Игорь Караулов, охотно пишущий как в классической русской традиции, так и верлибром, вместе с тем остаётся чужаком в современном поэтическом ландшафте. Вряд ли это осознанная позиция. По моему представлению, его стихи – органически свойственная любому стихотворцу, который «не может не писать», потребность что-то сказать миру, но это говорение остаётся лишь попыткой, пробным скачком, – но не законченным результатом. Поэт будто бы всё взбирается по склону, не будучи уверен, что хотя бы приблизится  к вершине, а потому и не гнушается нередким использованием небрежно-разговорного, лексически сниженного языка. Но этим не гнушаются и другие авторы; чем же от них отличается Караулов?

Непринуждённость речи демонстративна, логика словно рождается по ходу письма, не лишённого налёта деланного безразличия. Когда в лирические по тону строки вдруг впечатываются такие слова и выражения. как «дешёвые понты», «тёлки», «не срубают бабла», «стрёмные девки» и тому подобное, я воспринимаю это как решительный отказ от искренности тона. Вместо неё – игра то в повествовательность, то в балладную торжественность, будто пародирующая «серьёзность» разговора.

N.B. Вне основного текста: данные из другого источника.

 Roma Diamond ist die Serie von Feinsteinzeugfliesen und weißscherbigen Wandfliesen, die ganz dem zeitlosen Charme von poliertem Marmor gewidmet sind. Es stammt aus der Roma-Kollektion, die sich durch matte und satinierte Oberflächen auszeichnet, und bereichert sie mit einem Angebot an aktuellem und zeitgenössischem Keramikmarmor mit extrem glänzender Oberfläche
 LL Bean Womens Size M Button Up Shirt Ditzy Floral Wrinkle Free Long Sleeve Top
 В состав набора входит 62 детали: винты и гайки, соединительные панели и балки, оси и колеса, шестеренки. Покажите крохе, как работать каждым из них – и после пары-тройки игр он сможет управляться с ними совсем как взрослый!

А ирония – это самозащита; идти по ироническому пути – значит всё-таки принять условия игры того, чему своей иронией противостоишь. Лишь юмор – выход на свободу; но юмора у Караулова мало; может, разве что, в этой миниатюре, вошедшей в пятую часть книги, в которой поэт сознательно сбивается на ерунду, романтически её подкрашивая:

 

куплю себе свитер с оленями

затарюсь лепными пельменями

на свете есть город олений

где лепят и лепят пельмени

сидит возле печки оленья семья

и лепит пельмени таким вот как я

серебряный город зимует в снегах

пельмень у оленя звенит на рогах

 

Не «снятие напряжения», не «понижение градуса» ощущения трагизма жизни, но – литературная маска лёгкой насмешливости над этим трагизмом, доходящей порой до простоватой шутливости: «скончался владимир маканин / за это позор ноябрю»…

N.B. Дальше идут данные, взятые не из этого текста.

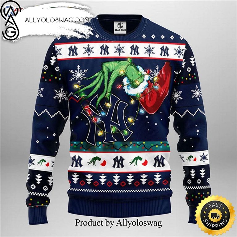 NOTE: [Top-selling] MLB New York Yankees Grinch Gift For Baseball Fans Ugly Christmas Wool Knitted Sweater
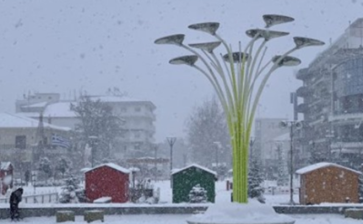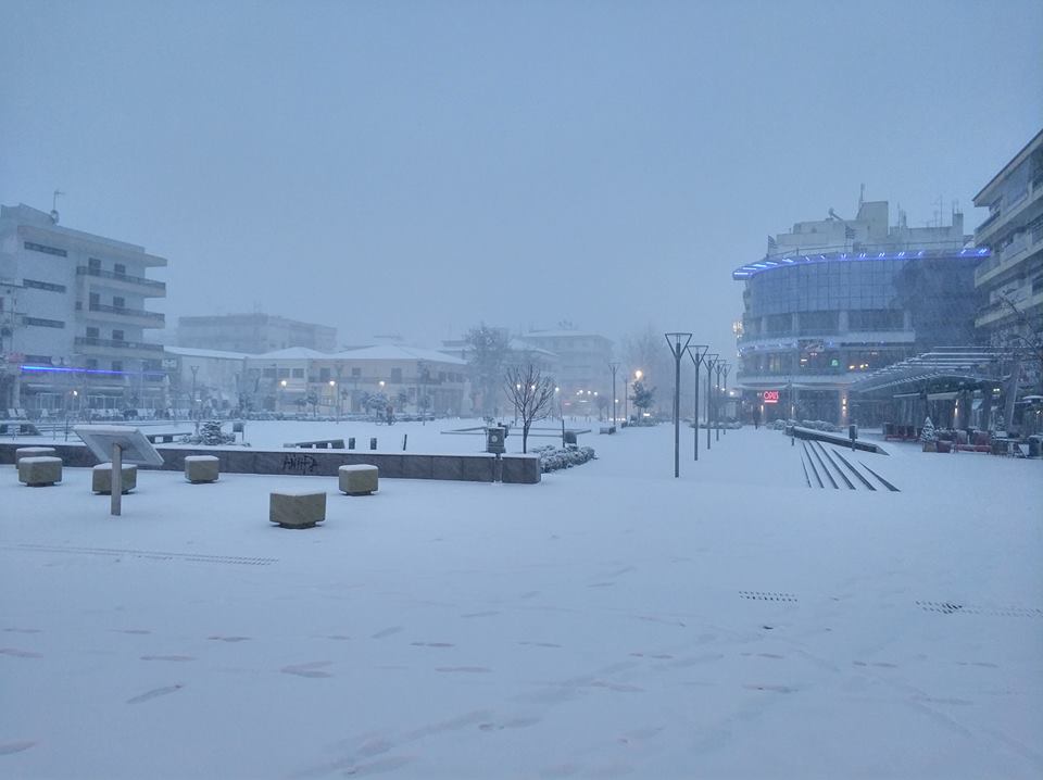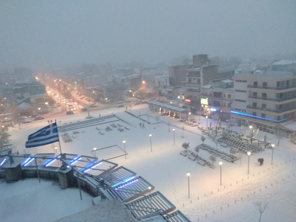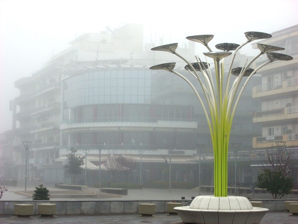 Η Πλατεία Δασίου στη Νέα Ορεστιάδα με το φωτοβολταϊκό πράσο, την πυκνή ομίχλη και το χιόνι
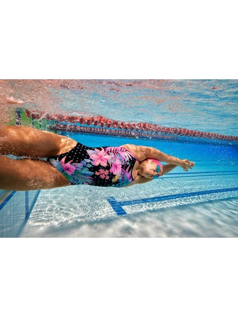 The AMANZI Botanica Pro One Piece is an all purpose training swimsuit engineered to fit the needs of both competitive and active swimmers. The thin shoulder straps are designed to reduce the weight placed on the neck and shoulder muscles and allow for maximum freedom and ease of movement whilst swimming. The wide open back follows the natural contours of the body providing an ergonomic fit and superior comfort. The medium cut leg is suitable for all figures.Â

Вообще, Караулов запросто затрагивает литературные имена (кое-где они напрямую не называются, но легко узнаются, тревожимые настойчивой карауловской иронией), но – если, конечно, воспринимать книгу «Ау-ау» как нечто последовательное – ему это скоро словно бы надоедает и он переходит к развёрнутым «рассказывающим» верлибрам, поворачиваясь спиной к эстетике звучания строк. окончательно гася в себе чувство и настраивая ум к работе над смыслом. Увлечённость Игоря Караулова сухими верлибрами – для меня большая загадка (кстати, предыдущая его книга – «Конец ночи» – вся состоит из такого рода длинных прозаических «рассказов»). Ведь он в совершенстве владеет традиционным письмом; за немногими исключениями – следует точной рифмовке и восхищает редкими выразительными аллитерациями. Верлибры Караулова – это притчи с мотивами сюрреализма, парадоксальными замечаниями, настойчивым скепсисом по поводу населённого людьми несовершенного, а то и безумного мира. В одном из стихотворений упоминается Виталий Пуханов, в последней книге которого – «Школа милосердия» – заметны искушённость жизнью, саркастический взгляд на людей, которые, кажется, достойны лишь того, чтобы смотреть на них «с холодным вниманием». Это упоминание – поступок довольно смелый; действительно, по стилю стихи Караулова близки пухановским – с той разницей, что Караулов – скорее, «расширенный», на грани расфокусированности, Пуханов; и говорит не лаконичными высказываниями, а целыми новеллами, удлинённой цепью строк-сообщений.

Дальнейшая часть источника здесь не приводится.